What needs to be done: Exclude all pictures, then write out exactly the lines below from the first one through the line with "11月17日,在尧天坪镇幼儿园,孩子们在龙狮艺人的带领下进行龙狮训练(无人机照片)。新华社记者 陈思汗 摄".

Dataset excerpts:
--- START ---
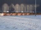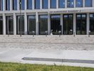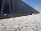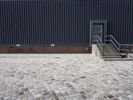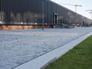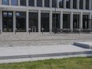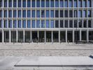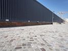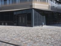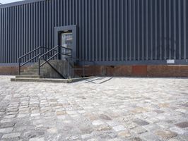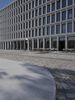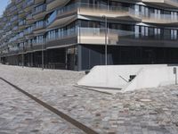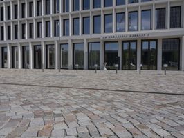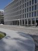 A view of the modern architecture and mixed-use properties of the residential area in Berlin, Germany on a clear day. From the cobblestone roads and road surfaces to the colorful facades of the apartment buildings, office buildings and houses, this urban design has a unique material property with a stadium, public space and open area. The contrails of the city add a unique line to the cityscape.
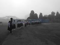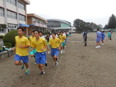 駅伝部の朝練習後の様子 風邪を引かないように・・・・・
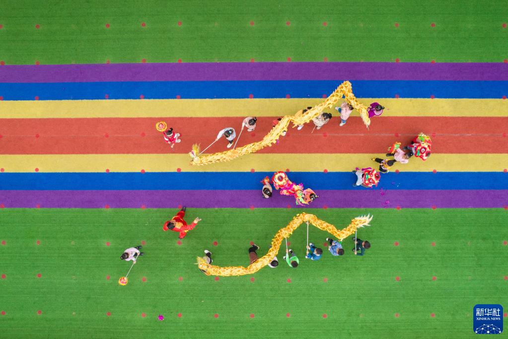 11月17日,在尧天坪镇幼儿园,孩子们在龙狮艺人的带领下进行龙狮训练(无人机照片)。新华社记者 陈思汗 摄
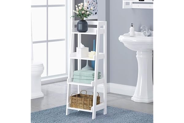 Bathroom Shelf Freestanding, 4-Shelf Spacesaver Open Wood Shelving Unit, Ladder Shelf (White)
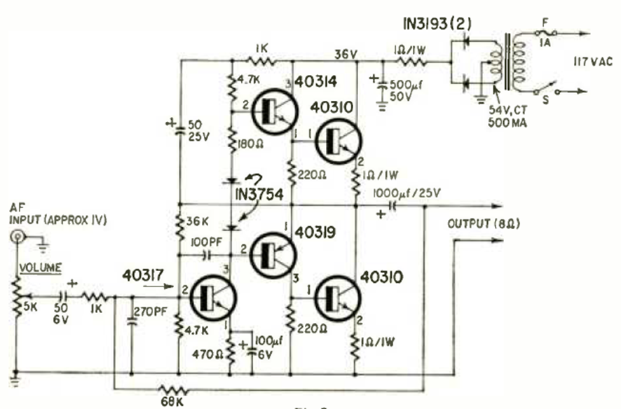 This transistor amplifier was published in Radio Electronics magazine in July 1965. It used newly released silicon transistors with excellent sound quality.
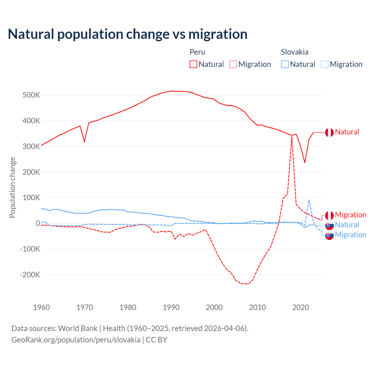 Over the last 10 years, 82% of the population change in Peru is from natural causes (a gain of 3,345,822 people) and 18% is from migration (a gain of 732,505 people). In Slovakia 7.47% is from natural causes (a loss of 8,728 people) and 92.5% is from migration (a gain of 108,156 people).
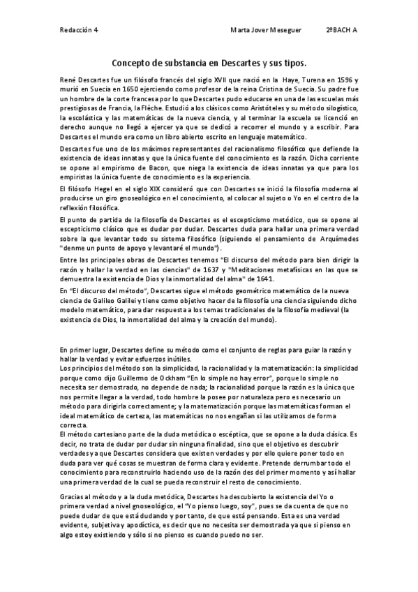 REDACCIÓN COMPLETA SOBRE CONCEPTO DE SUBSTANCIA DESCARTES 2 BACH FILOSOFÍA
--- END ---
Task result:
 A view of the modern architecture and mixed-use properties of the residential area in Berlin, Germany on a clear day. From the cobblestone roads and road surfaces to the colorful facades of the apartment buildings, office buildings and houses, this urban design has a unique material property with a stadium, public space and open area. The contrails of the city add a unique line to the cityscape.
 駅伝部の朝練習後の様子 風邪を引かないように・・・・・
 11月17日,在尧天坪镇幼儿园,孩子们在龙狮艺人的带领下进行龙狮训练(无人机照片)。新华社记者 陈思汗 摄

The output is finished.